The government anticipates a “good faith” or “advice of counsel” defense with respect to meeting any “intent” requirements under IGBA, UIGEA and the money laundering charges. While a good faith defense instruction can be given to the jury in some circumstances, the government contends that such a defense is not available unless the statutes have a “willfulness or specific intent” requirement. For “general intent” statutes, which the motion claims the Black Friday charges are, a good faith ignorance of the law is not a valid defense and the government need only prove that the defendants had knowledge of the facts that comprised the offense.
Regarding the “advice of counsel” potential defense, the allowable parameters are much more specific, says the motion. According to United States v Evangelista 122 F.3rd 112, 117 (2nd Circuit 1997),the government says the defendants would have to
- honestly and in good faith seek advice of counsel prior to taking action as to what they may lawfully do
- fully and honestly lay out all the facts before counsel
- act strictly in accordance with the advice of counsel
Even if “willful and unlawful intent” were an element of the statute, the defense would also be required to establish a factual basis to present such a defense to the jury.

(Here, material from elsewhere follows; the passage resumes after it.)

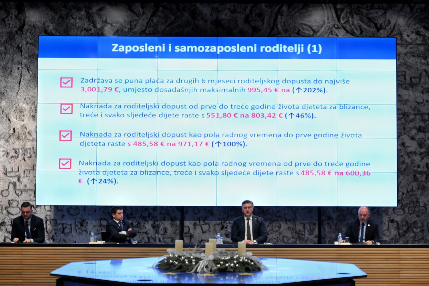 Podsjetio je da se udvostručuje jednokratna naknada za svako rođeno dijete s 309 na 618 eura, a udvostručuje se i broj dana za plaćeni očinski dopust. Izdvojio je povećanje naknade za drugih šest mjeseci roditeljskog dopusta od 1. ožujka iduće godine, koje će iznositi do 3000 eura umjesto dosadašnjih 995, što će, kako je rekao, pokriti oko 98 posto svih majki koje mogu imati toliku plaću.

The government contends that under IGBA, which states “Whoever conducts, finances, manages, supervises, directs, or owns all or part of an illegal gambling business shall be [guilty of a crime]”, that the defendant must only have knowledge that he was conducting the business, regardless of whether or not he had intent to violate the law.
Under UIGEA, which states, “No person engaged in the business of betting or wagering may knowingly accept, in connection with the participation of another person in unlawful Internet gambling” certain types of payments, there also is no willfulness or specific intent requirement, but rather the word “knowingly” infers only a general intent, which is not sufficient to meet a statutory mens rea provision. United States v. Cohen, 260 F.3d 68, 75-76 (2d Cir.2001).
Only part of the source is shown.